§ **Collected data**:
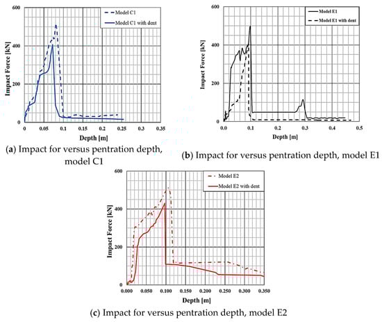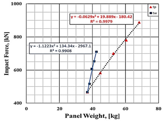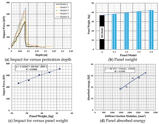 Figure 7a–c, by increasing the reinforcement section modulus, the panel weight increases and, respectively, the corresponding impact force of the panel increases; for model (C1) and (C4), the capacity increases by 10.78% and 52.24%, for modulus increases of 25% and 100%, respectively. This indicates that the relationship between impact force, weight, and section modulus may be fitted to a nonlinear function.
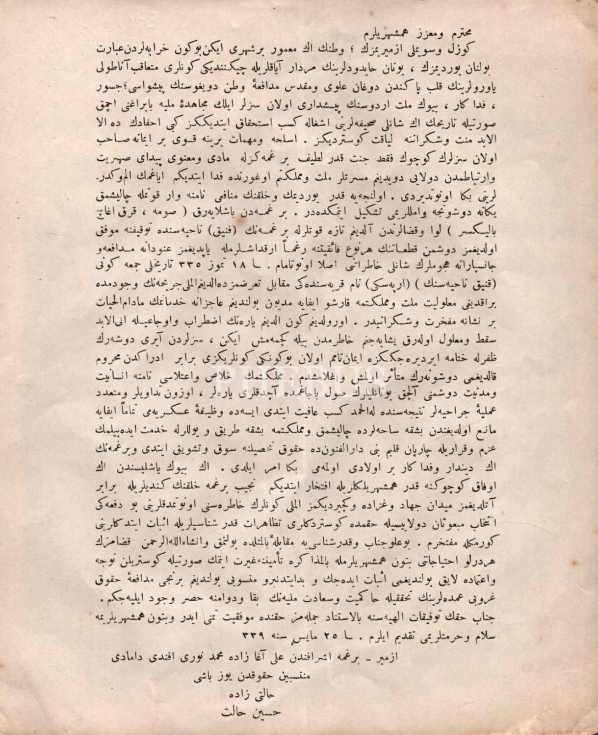 Yüzbaşı Hilmizade Hüseyin Halit´in İzmir´in işgali sonrasında vatandaşlara nutku 25 Mayıs 1339, 17x21 cm
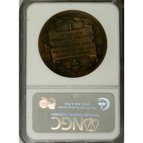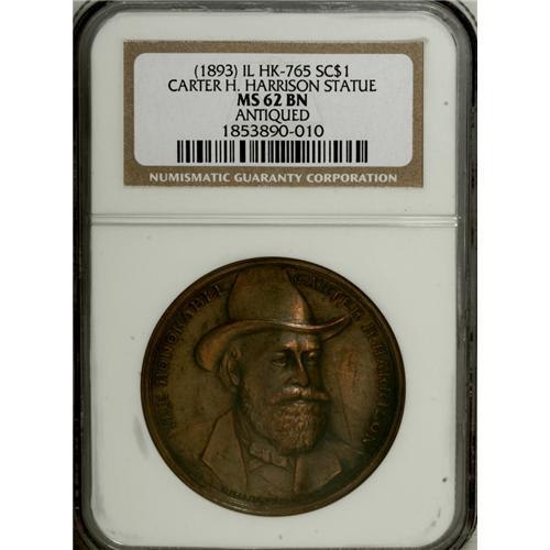 <B>(1893) Carter H. Harrison Statue MS62 Brown Antiqued NGC.</B></I> IL HK-765. Chicago mayor Carter Harrison was assassinated by a rebuffed office seeker in late 1893. This so-called dollar variety was issued to contributors for a Harrison memorial. Maroon, olive-brown, and mahogany toning. Lightly hairlined, and hints of dark build-up are present on the reverse. Census: 3 in 62, 2 finer (12/06).<BR><BR><b>Shipping:</b> Coins & Currency (<a target="_blank" href="http://www.heritageauctions.com/common/shipping.php">view shipping information</a>)
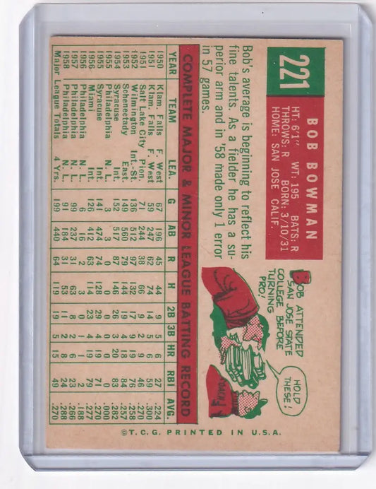1959 Topps 221 Bob Bowman - Philadelphia Phillies
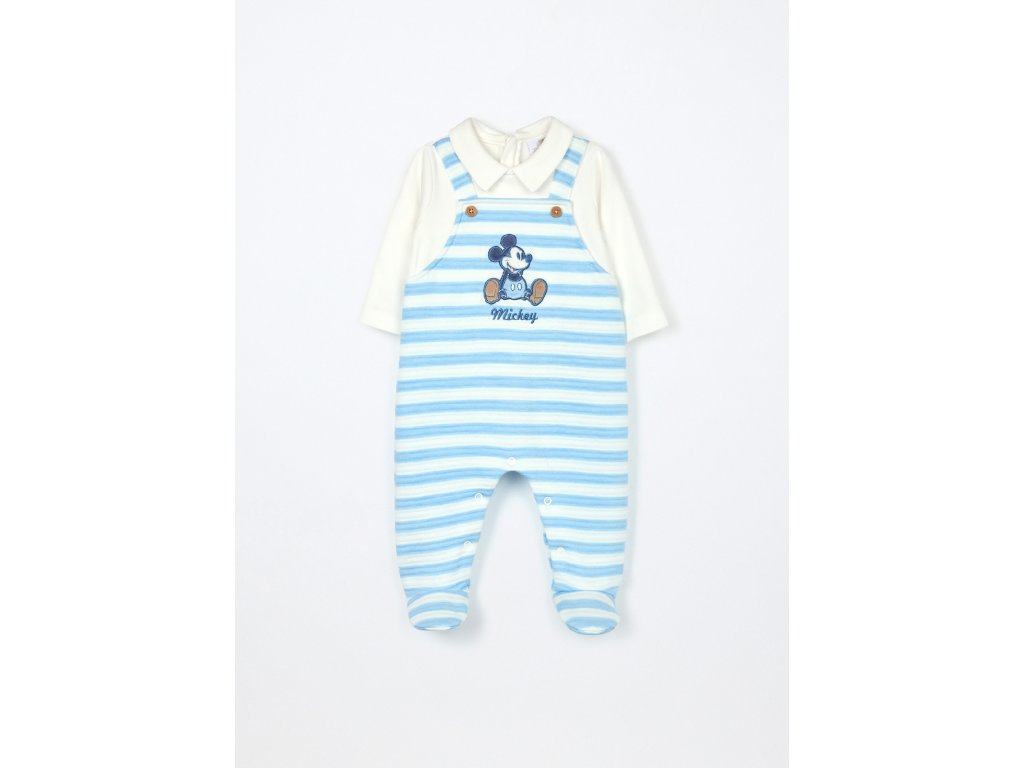 Overal z bavlněné příze matelassa s francouzským límcem a zapínáním na zip na zádech. Dupačky s pruhovaným vzorem a výšivkou Disney na přední straně. Zapínání na patentky v rozkroku.
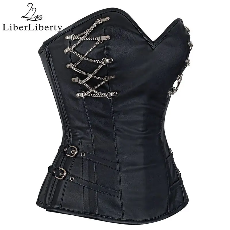 Faux Leather Slim Waist Zipper Overbust Steampunk Sexy Corset and Bustiers PU Leather Corselet Espartilhos party Gothic clothing
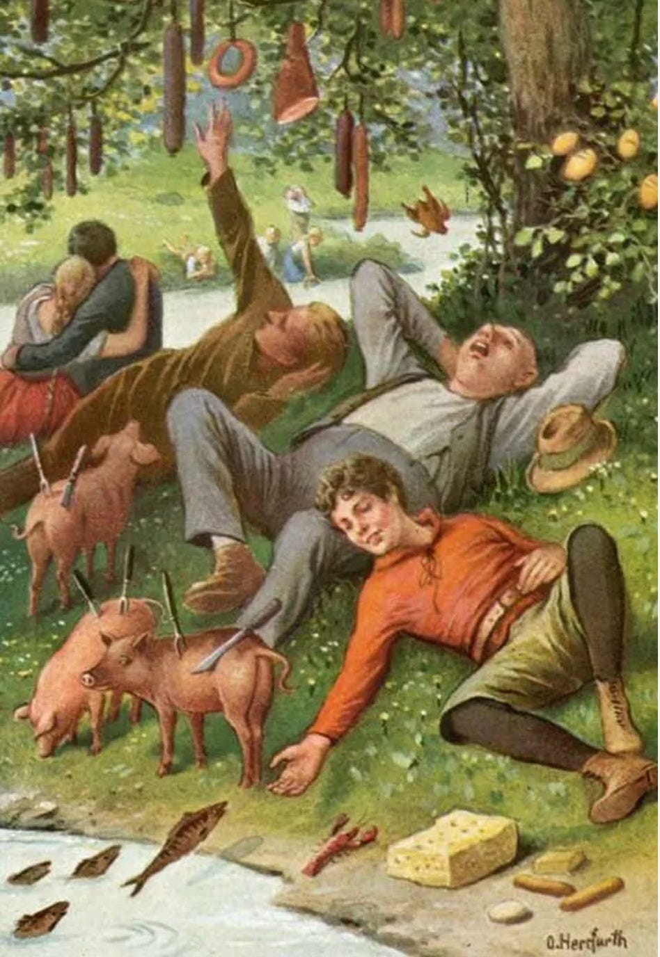 In the land of Cockaigne, there is no backbreaking labor under scorching sun or nipping north wind. No stale bread, no deprivation. Instead, we are told, cooked fish jump out of the water to land at one’s feet; and roasted pigs walk around with knives in their backs, ready for carving; and cheeses rain from the sky. Rivers of wine flow through the land.
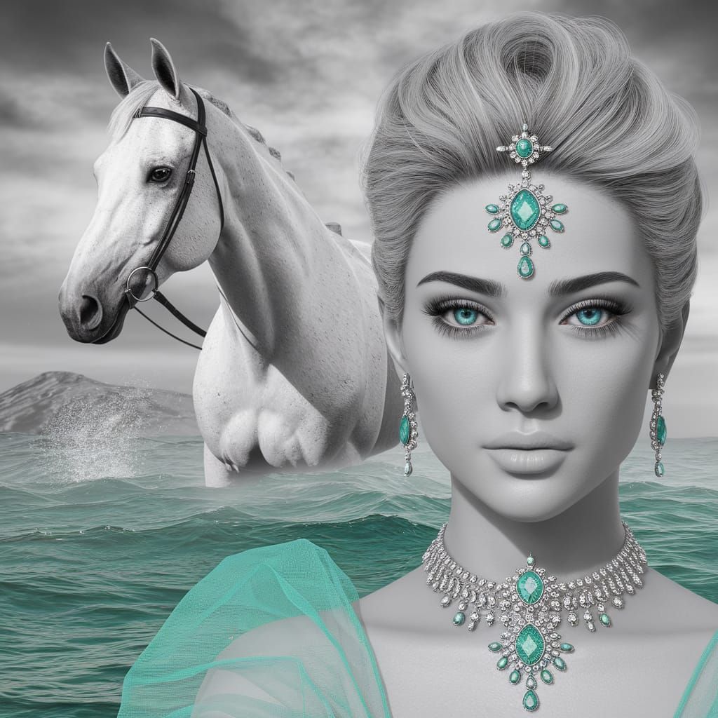 This image depicts a woman in a turquoise dress and eyes standing next to a white horse, all set against a greyscale background. The turquoise jewel and sea provide a striking contrast.
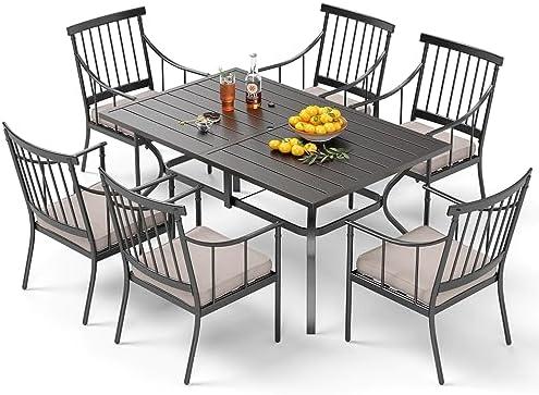 However, while the set boasts many positive attributes, there are some potential downsides. The lightweight nature of the construction may raise concerns about stability in extremely windy conditions, and the all-black design may not appeal to those who prefer brighter colors. Additionally, the cushioning, while comfortable, might require occasional maintenance to keep looking fresh. Despite these minor drawbacks, this outdoor dining set remains a robust choice for enhancing your outdoor living area.

§ **TASK TO CARRY OUT**: Please retype the data exactly as it appears, but without any of its pictures.

§ **RESPONSE TO THIS TASK**:
 Figure 7a–c, by increasing the reinforcement section modulus, the panel weight increases and, respectively, the corresponding impact force of the panel increases; for model (C1) and (C4), the capacity increases by 10.78% and 52.24%, for modulus increases of 25% and 100%, respectively. This indicates that the relationship between impact force, weight, and section modulus may be fitted to a nonlinear function.
 Yüzbaşı Hilmizade Hüseyin Halit´in İzmir´in işgali sonrasında vatandaşlara nutku 25 Mayıs 1339, 17x21 cm
 <B>(1893) Carter H. Harrison Statue MS62 Brown Antiqued NGC.</B></I> IL HK-765. Chicago mayor Carter Harrison was assassinated by a rebuffed office seeker in late 1893. This so-called dollar variety was issued to contributors for a Harrison memorial. Maroon, olive-brown, and mahogany toning. Lightly hairlined, and hints of dark build-up are present on the reverse. Census: 3 in 62, 2 finer (12/06).<BR><BR><b>Shipping:</b> Coins & Currency (<a target="_blank" href="http://www.heritageauctions.com/common/shipping.php">view shipping information</a>)
1959 Topps 221 Bob Bowman - Philadelphia Phillies
 Overal z bavlněné příze matelassa s francouzským límcem a zapínáním na zip na zádech. Dupačky s pruhovaným vzorem a výšivkou Disney na přední straně. Zapínání na patentky v rozkroku.
 Faux Leather Slim Waist Zipper Overbust Steampunk Sexy Corset and Bustiers PU Leather Corselet Espartilhos party Gothic clothing
 In the land of Cockaigne, there is no backbreaking labor under scorching sun or nipping north wind. No stale bread, no deprivation. Instead, we are told, cooked fish jump out of the water to land at one’s feet; and roasted pigs walk around with knives in their backs, ready for carving; and cheeses rain from the sky. Rivers of wine flow through the land.
 This image depicts a woman in a turquoise dress and eyes standing next to a white horse, all set against a greyscale background. The turquoise jewel and sea provide a striking contrast.
 However, while the set boasts many positive attributes, there are some potential downsides. The lightweight nature of the construction may raise concerns about stability in extremely windy conditions, and the all-black design may not appeal to those who prefer brighter colors. Additionally, the cushioning, while comfortable, might require occasional maintenance to keep looking fresh. Despite these minor drawbacks, this outdoor dining set remains a robust choice for enhancing your outdoor living area.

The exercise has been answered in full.